- **EXERCISE MATERIALS**:

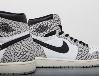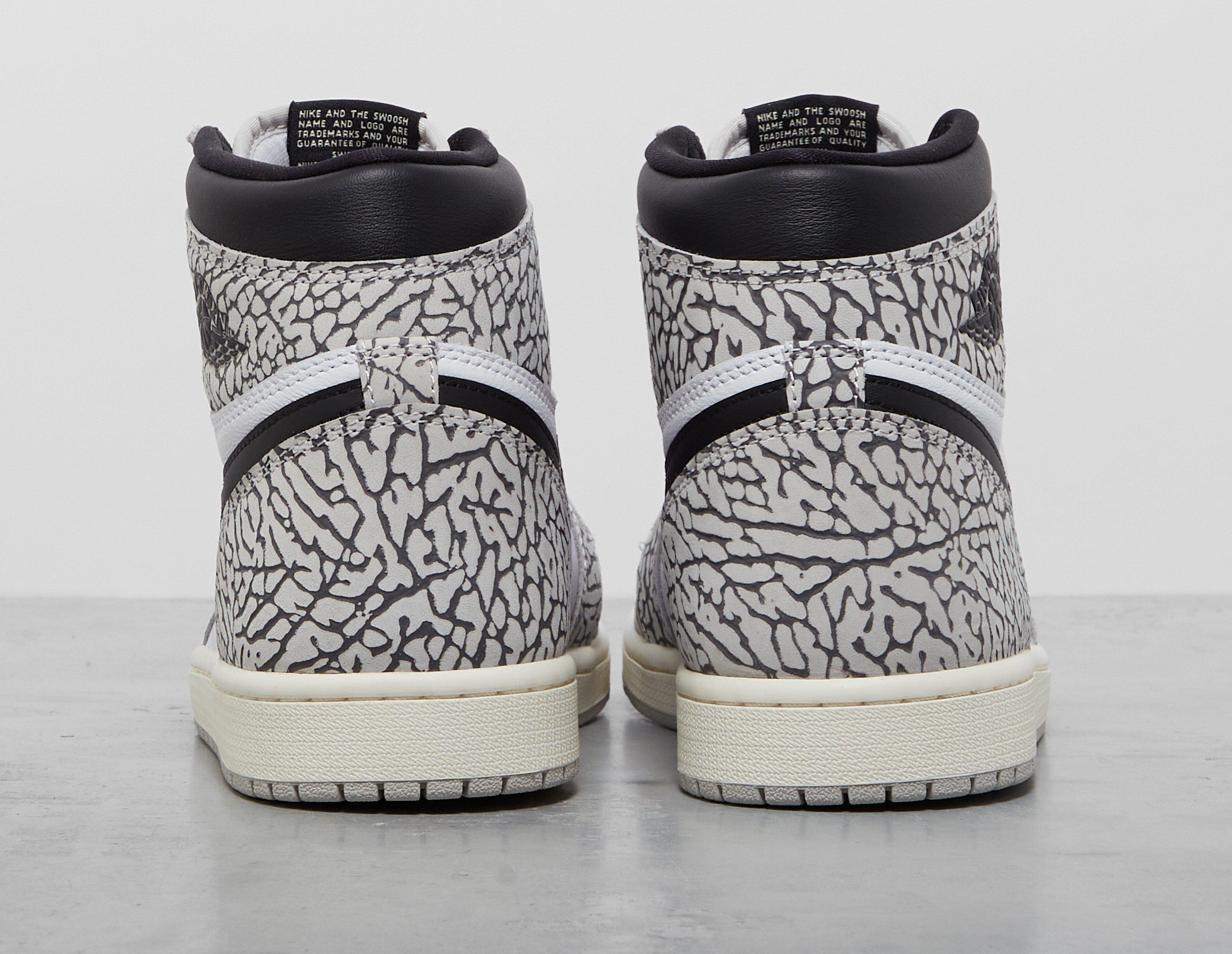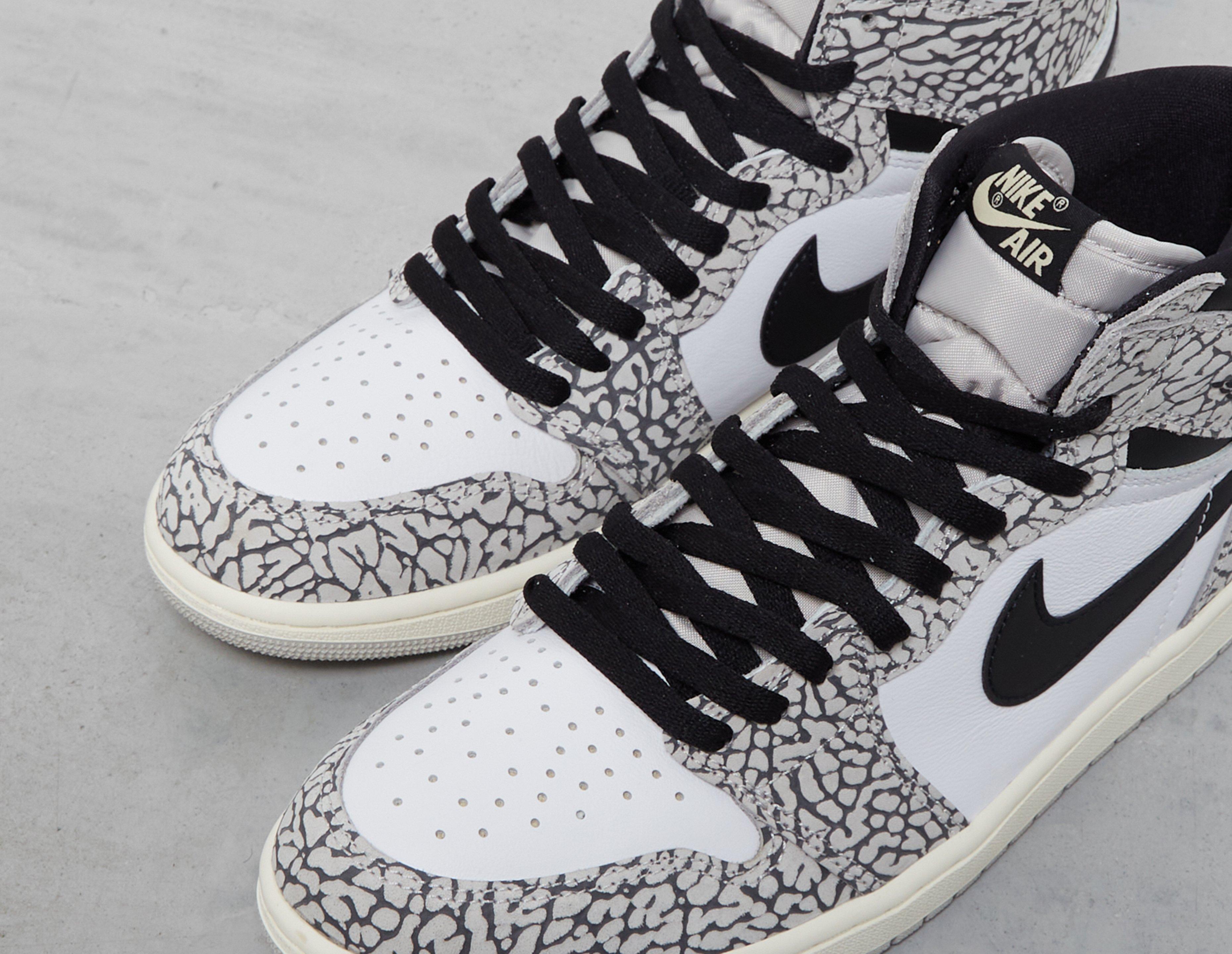 Here we see the shoe done up in a makeup famously linked to another Jordan silhouette. The Air Jordan 1 Retro High OG 'White Cement' is fitted with elephant print overlays, instantly reminiscent of the Air Jordan 3's famously textured detailing. A white leather base and black accents are also utilised through the uppers, with Wings, Swooshes, laces and collar bringing a darker contrast to the rest of the shoe. Ventilation is supplied by perforations at the toe, and the midsole houses plenty of Air technology for plush cushioning underfoot. Completing the build is a grippy rubber outsole, ideal for optimizing gameplay and supplying a steady stride. | DZ5485-052
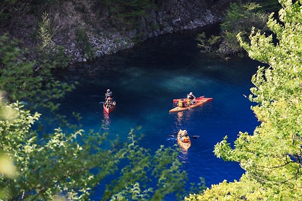 奥四万湖でカヌーを楽しむ人たち(四万温泉協会提供)
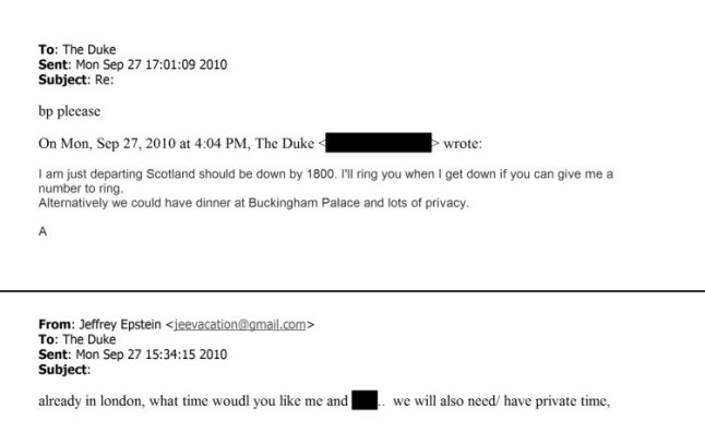 In a response, an email signed off by ‘A’ suggested: “Alternatively, we should have dinner at Buckingham Palace and lots of privacy.”
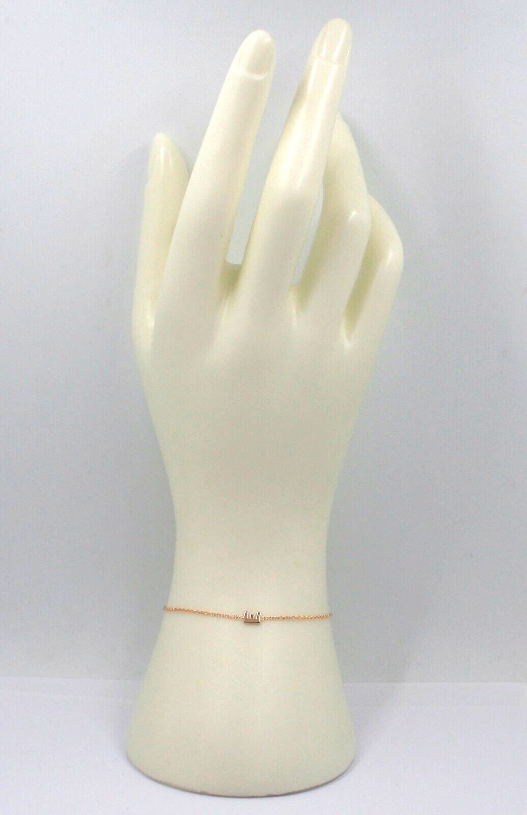 18k rose gold rolo thin bracelet with central small 5mm letter initial E.
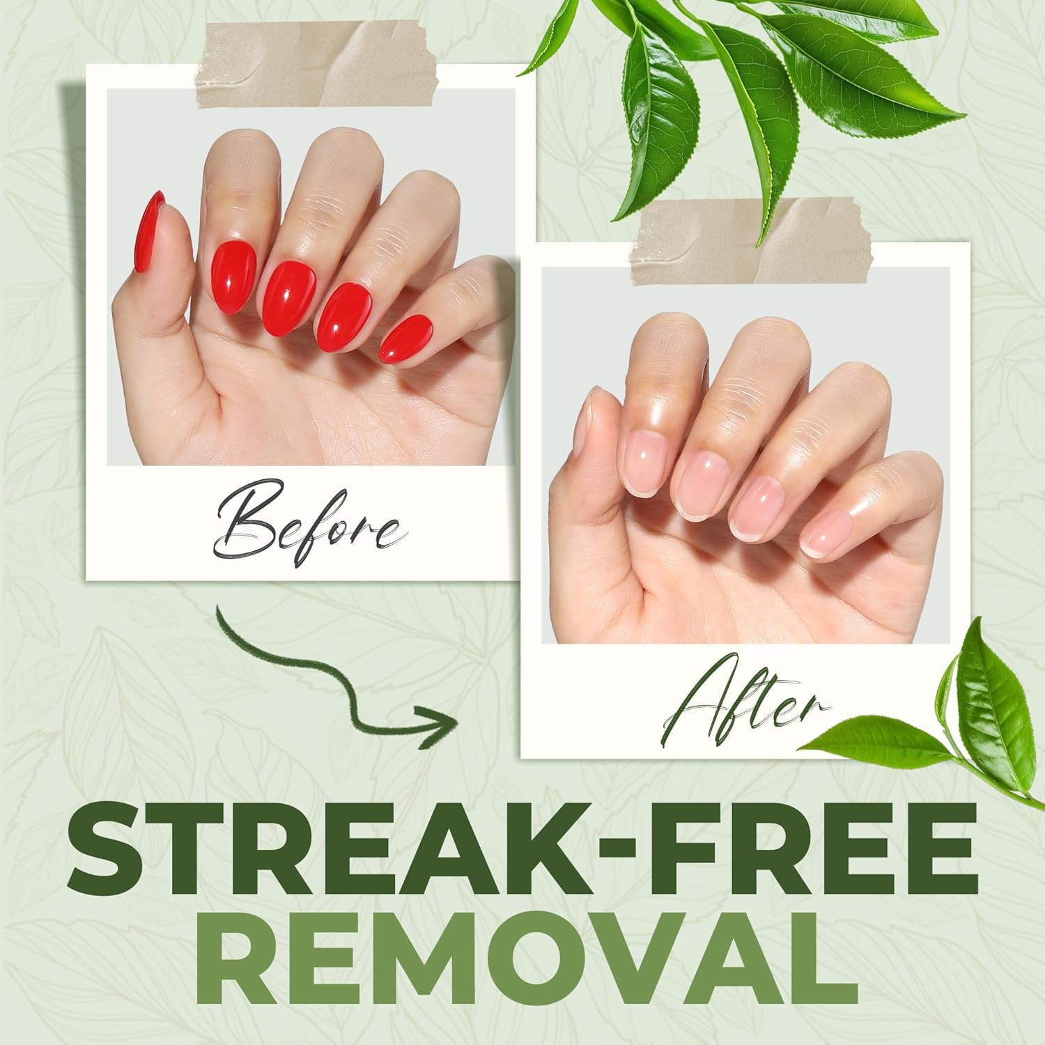 - Pleasant Scent: UNA GELLA botanical formula nail polish remover offers a fresh, soothing aroma that makes polish removal a relaxing experience, leaving behind a light, natural green tea scent, unlike harsh 100% acetone-based removers
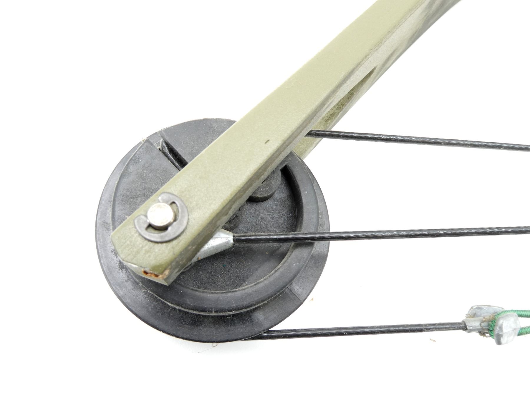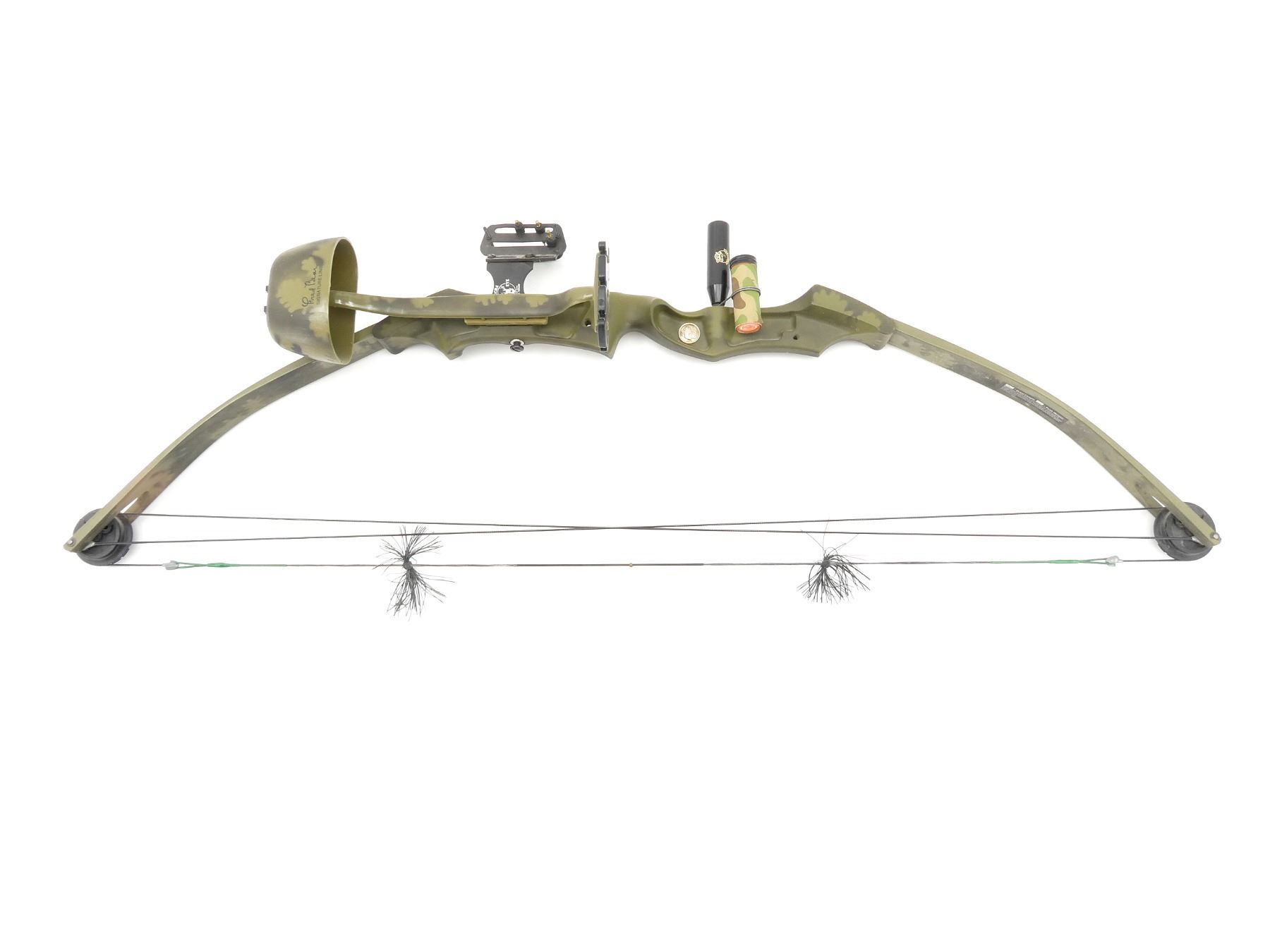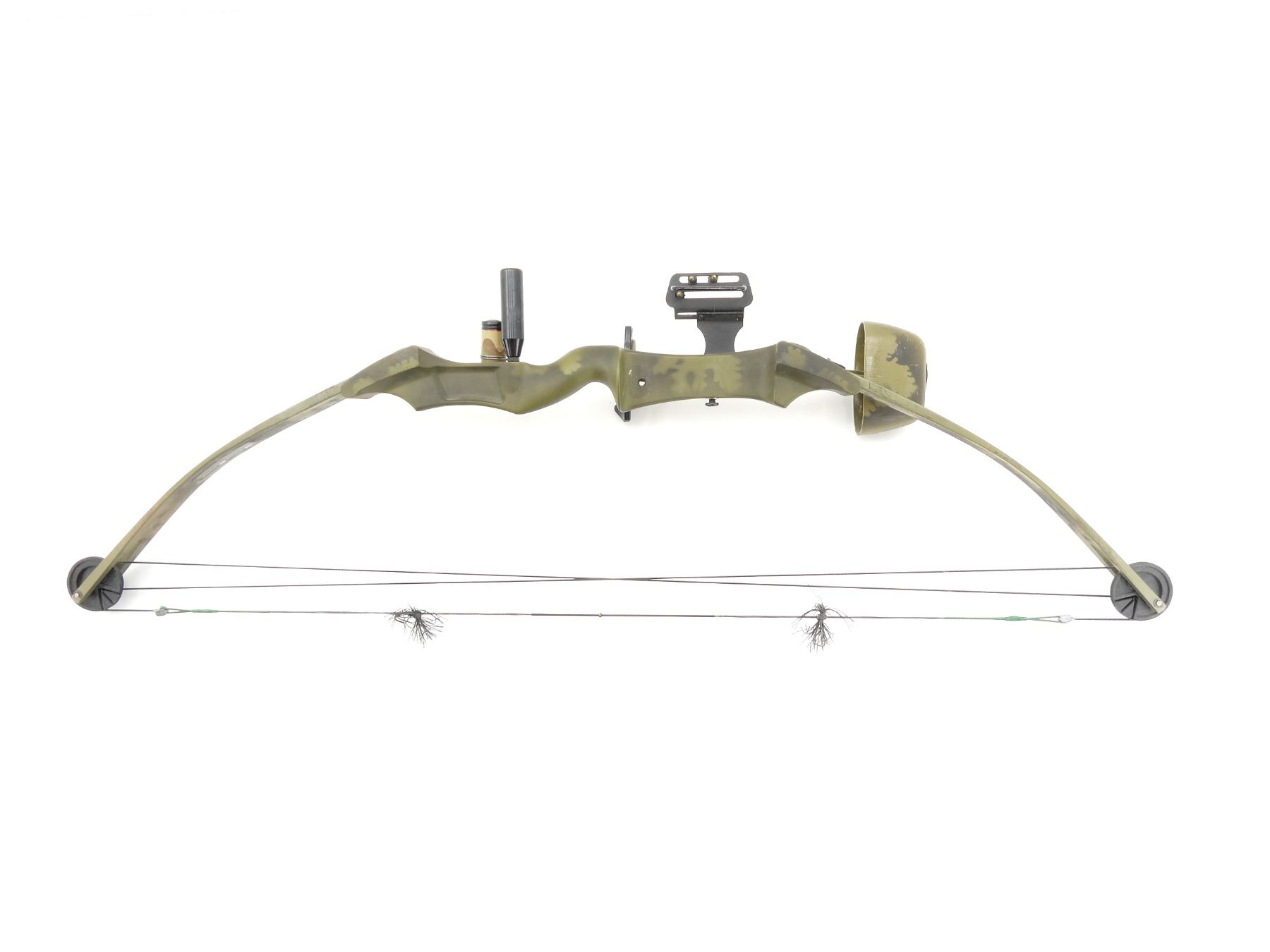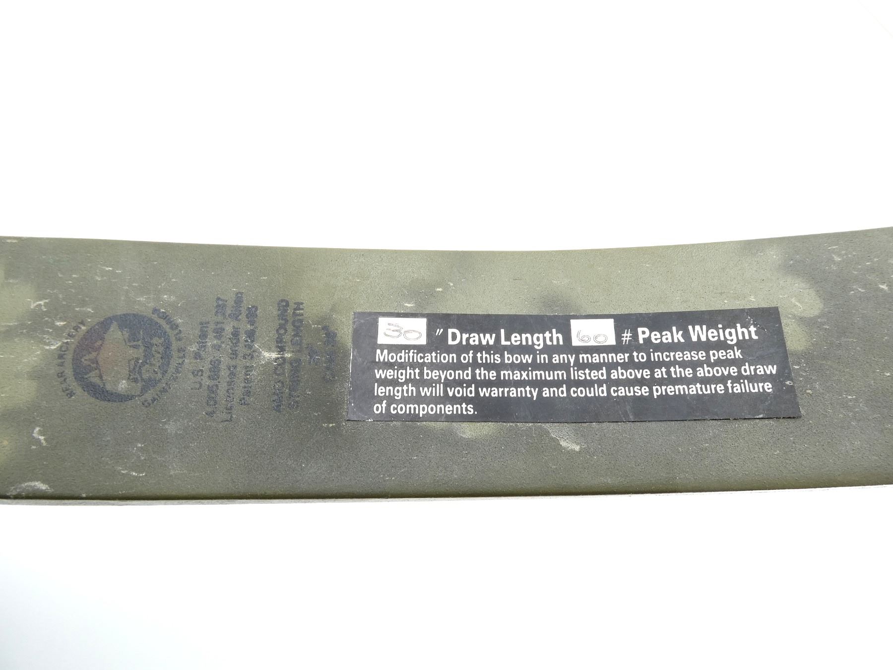 LOT INCLUDES; (1) GREEN CAMO BEAR WHITETAIL II RIGHT HAND COMPOUND BOW, PEAK WEIGHT 60#, DRAW LENGTH 30", (1) STRING, (1) (6) ARROW QUIVER, (1) ACCRA BUCK EYE (3) PIN SIGHT,(1) COBRA STABILIZER, ETC., APPROX. OVERALL LENGTH 48", SHOWS WEAR AND TEAR FROM USAGE, SEE PHOTOS.

- **YOUR TASK**:
What you write must match, line for line, the records from the line containing "In a response, an" through the last line, with every picture left out.

- **RESPONSE BOX**:
 In a response, an email signed off by ‘A’ suggested: “Alternatively, we should have dinner at Buckingham Palace and lots of privacy.”
 18k rose gold rolo thin bracelet with central small 5mm letter initial E.
 - Pleasant Scent: UNA GELLA botanical formula nail polish remover offers a fresh, soothing aroma that makes polish removal a relaxing experience, leaving behind a light, natural green tea scent, unlike harsh 100% acetone-based removers
 LOT INCLUDES; (1) GREEN CAMO BEAR WHITETAIL II RIGHT HAND COMPOUND BOW, PEAK WEIGHT 60#, DRAW LENGTH 30", (1) STRING, (1) (6) ARROW QUIVER, (1) ACCRA BUCK EYE (3) PIN SIGHT,(1) COBRA STABILIZER, ETC., APPROX. OVERALL LENGTH 48", SHOWS WEAR AND TEAR FROM USAGE, SEE PHOTOS.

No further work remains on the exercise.